The experimentation with alternative student response systems was conducted using products manufactured and distributed by Reactive Systems, Inc. The Student Response Unit (keypad) which was selected for implementation in the classroom was a device comprised of ten keys for data entry and five function keys as illustrated in Figure 4. An LCD readout screen for eight numeric digits is included to enable the student to receive confirmation of the data input. The function keys provide capability to: 1) clear the screen, 2) answer more than one question at a time, 3) recall last answer, 4) ask for help and 5) send the student input to the system. up to 128 response units are cabled to an interface box using telephone-type wire. The interface box is connected to an RS 232 asynchronous serial communications port on a PC.

Software which is resident in the PC polls, the response units, tabulates results and presents graphics simultaneously to the students and instructor.

The software provided by Reactive Systems which polls, tabulates and creates graphical results is called Instant Feedback. The instructor activates keypads and tabulates results by pressing appropriate function keys on a PC. There are four primary modes in this program: Instructor, Quiz, Reports and Roster. The Instructor mode enables the presenter to activate the keypads, poll the audience and display results as bar graphs. The Quiz mode is used for answering multiple (batched) questions. Reports are printed which summarize all responses by question for both individuals and the entire class. These reports include student names (if input in the Roster menu mode).

While this program supplied by Reactive Systems was effective in our early experiments, the complex requirements for student response in the Advanced Technology Classroom necessitated the development of a special purpose program which could run under the control of a Command Processor in the PC. This program activates and polls keypads from a remote control device, accounts for the different types of questions asked, includes paraphrasing on the resulting graphs, stores and retrieves demographic data for comparisons, and creates specially designed output displays on the presentation screen in the classroom.

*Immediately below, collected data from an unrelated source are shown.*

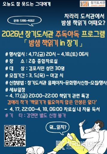 [ 한국미디어뉴스 이원희 기자 ] 김포시 장기도서관은 시민들이 책과 함께 특별한 밤을 보낼 수 있도록 오는 4월 17일 오후 8시부터 다음날인 4월 18일 오전 6시까지 도서관에서 자율적으로 독서를 하는 '밤샘 책읽기 인(in) 장기' 프로그램을 진행한다.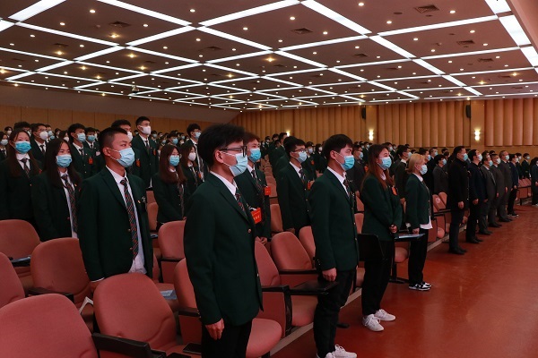伴随着气势磅礴的国歌声,威尼斯官网第三次学生代表大会正式拉开帷幕。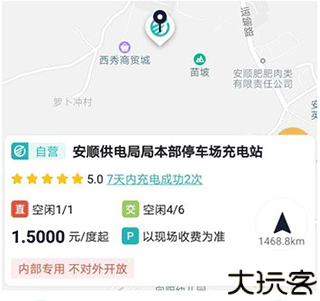 3、查看附近的充电站,找到最靠近自己的,点击进入。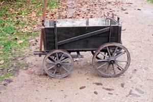 Ringsum geschlossener Leiterwagen, dadurch auch für den Transport von Schüttgut (Sand, Kies usw) geeignet. Bei großer Belastung sorgen 2 Spannketten dafür, dass die Seitenteile dem Druck standhalten. Der Wagen war ursprünglich dunkelgrün gestrichen, was an den vorhandenen Farbresten erkennbar ist. Die hölzernen Speichenräder haben vorn und hinten unterschiedliche Größen. Die Deichsel wurde zu einem späteren Zeitpunkt erneuert.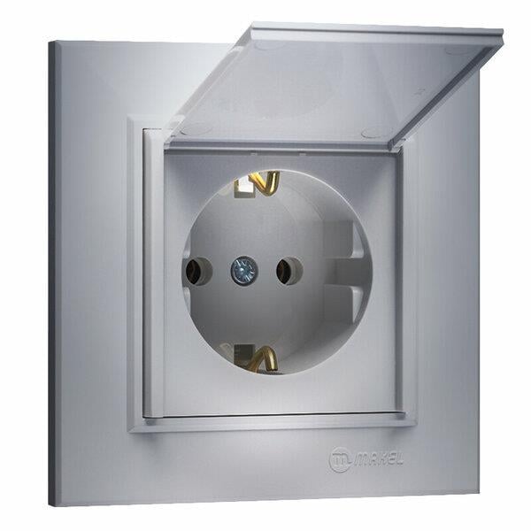 Makel Karea Kapaklı Topraklı Priz Modül + Kapak Gümüş (MAKEL.57065029)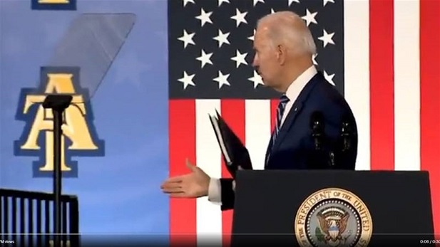 تداول نشطاء على مواقع التواصل الاجتماعي، مقاطع فيديو للحظة قيام الرئيس الأمريكي، جو بايدن، بتصرف غريب عقب الانتهاء من خطاب ألقاه، أمس الخميس.

Experience with using student response capabilities in the classroom has yielded an array of categories and types of questions which can be asked of the students for keypad input during the learning process. Listed below are examples of the categories and types of questions used to elicit input from the students during a course:

Yes/No or True/False This is the simplest of all question types which asks for a positive or negative response to a statement, situation or condition. Typically, this type of question elicits opinions, viewpoints and experiences with respect to key issues. Also an answer to a stated question can be presented for the student to either agree or disagree with the accuracy of the answer. Yes/No type responses can either be asked one at a time or in pairs where two questions are related. In the latter case, both graphical results are shown on the same screen for comparison.

Multiple Choice This question consists of a stem followed by alternative response choices. Typically , the stem consists of a question or an incomplete sentence and the alternative answers range from three to ten. The student selects the best answer or the best ending from the alternatives or "None of the above" is used if all other alternatives are incorrect.

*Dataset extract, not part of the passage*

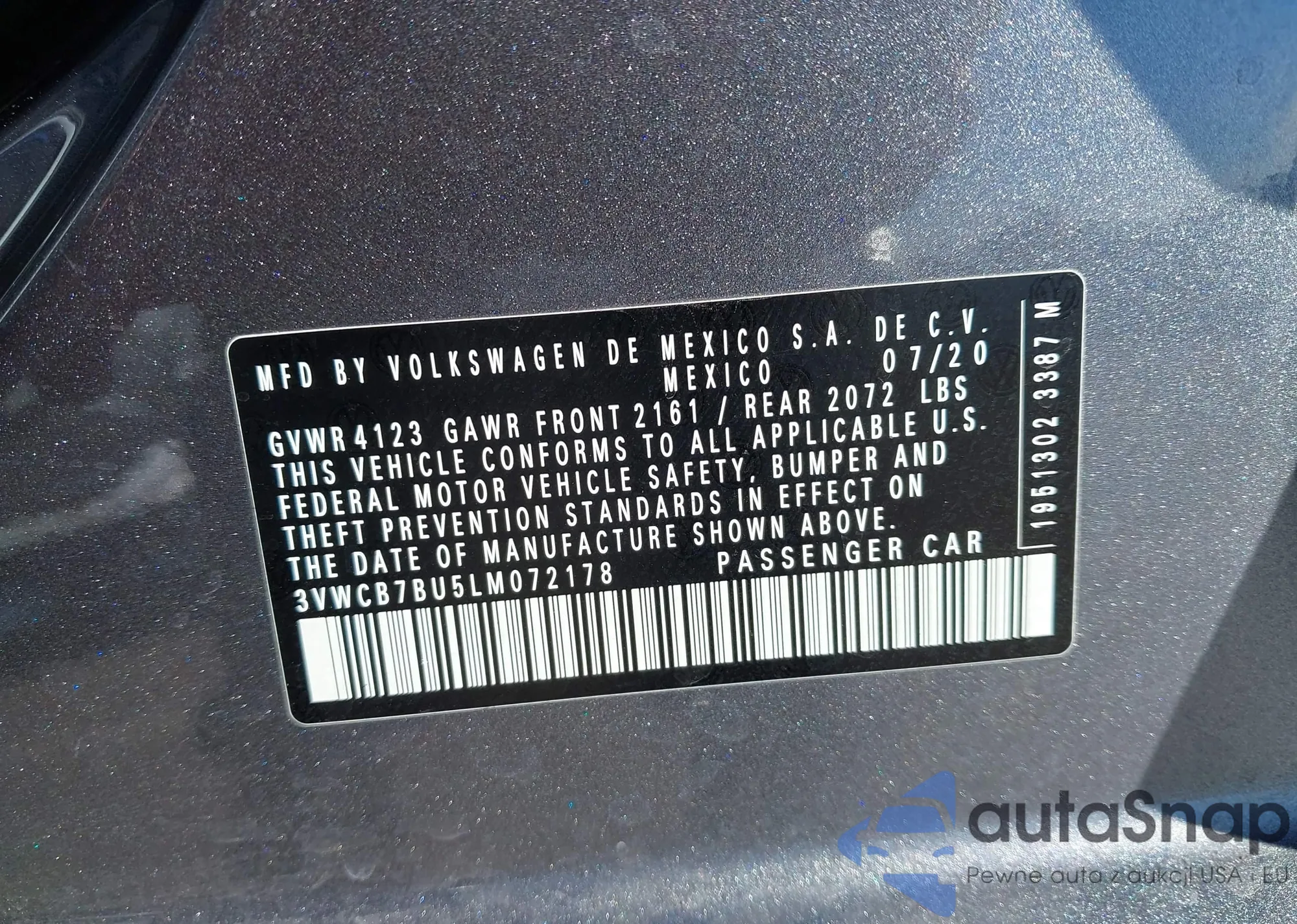 • VIN 3VWCB7BU5LM072178

Mean Numeric Entry This type of question requires the student to answer with a specific numeric value. Usually, there is no correct answer in this category but rather a range of answers which are of interest to the class along with a computed mean. The output display presents the mean, upper and lower limit as well as the historical mean from previous classes. An example question would be "How long have you been with the company?"

Correct Numeric Entry This type of numeric response is targeted towards eliciting a specific correct answer to a stated problem. Each student’s answer is compared against the predetermined correct answer and the percent of the students who obtained the correct answer is shown on the output display along with historical data of previous correct answers in other classes. This type of question requires more time for response than any other because some thought is required before entering answer. An example of a Correct Numeric Entry type question would be "what is the mean of the following set of numbers: (10, 22, 38, 5, 25). If 15 out of 20 students specified the correct answer, the output display would provide the correct answer (which is 20) and would indicate that 75% of the class provided the correct answer.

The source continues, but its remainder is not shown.